> [Input data]

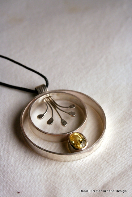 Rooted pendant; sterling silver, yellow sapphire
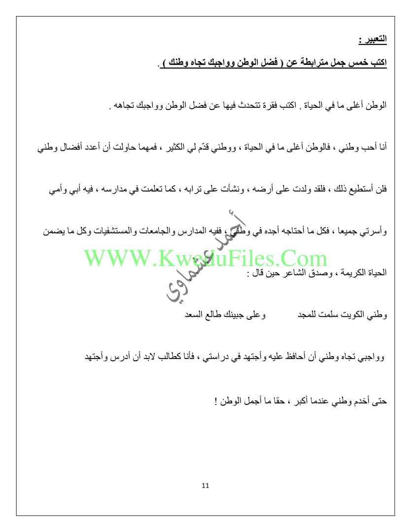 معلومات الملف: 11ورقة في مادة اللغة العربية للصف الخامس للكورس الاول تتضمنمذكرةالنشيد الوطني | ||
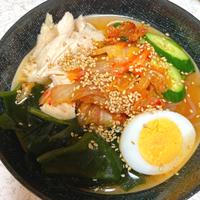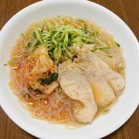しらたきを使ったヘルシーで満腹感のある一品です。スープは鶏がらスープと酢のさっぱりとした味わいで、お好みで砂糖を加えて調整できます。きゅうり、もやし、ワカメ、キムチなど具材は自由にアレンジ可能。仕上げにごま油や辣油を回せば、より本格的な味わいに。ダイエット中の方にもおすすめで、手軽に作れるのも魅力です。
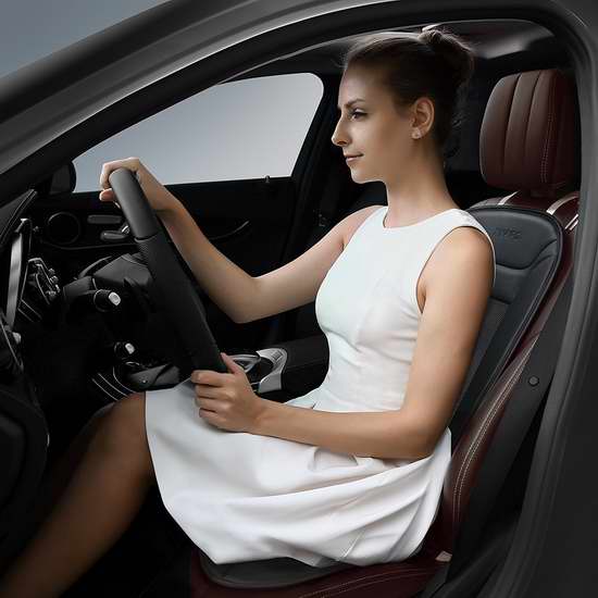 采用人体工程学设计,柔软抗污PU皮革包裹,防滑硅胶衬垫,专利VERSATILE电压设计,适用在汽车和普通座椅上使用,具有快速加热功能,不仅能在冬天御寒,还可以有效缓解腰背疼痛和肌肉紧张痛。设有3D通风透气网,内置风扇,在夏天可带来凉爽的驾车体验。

> [Your instructions]
For the data above, return an exact copy that contains no pictures.

> [Task output]
 Rooted pendant; sterling silver, yellow sapphire
 معلومات الملف: 11ورقة في مادة اللغة العربية للصف الخامس للكورس الاول تتضمنمذكرةالنشيد الوطني | ||
しらたきを使ったヘルシーで満腹感のある一品です。スープは鶏がらスープと酢のさっぱりとした味わいで、お好みで砂糖を加えて調整できます。きゅうり、もやし、ワカメ、キムチなど具材は自由にアレンジ可能。仕上げにごま油や辣油を回せば、より本格的な味わいに。ダイエット中の方にもおすすめで、手軽に作れるのも魅力です。
 采用人体工程学设计,柔软抗污PU皮革包裹,防滑硅胶衬垫,专利VERSATILE电压设计,适用在汽车和普通座椅上使用,具有快速加热功能,不仅能在冬天御寒,还可以有效缓解腰背疼痛和肌肉紧张痛。设有3D通风透气网,内置风扇,在夏天可带来凉爽的驾车体验。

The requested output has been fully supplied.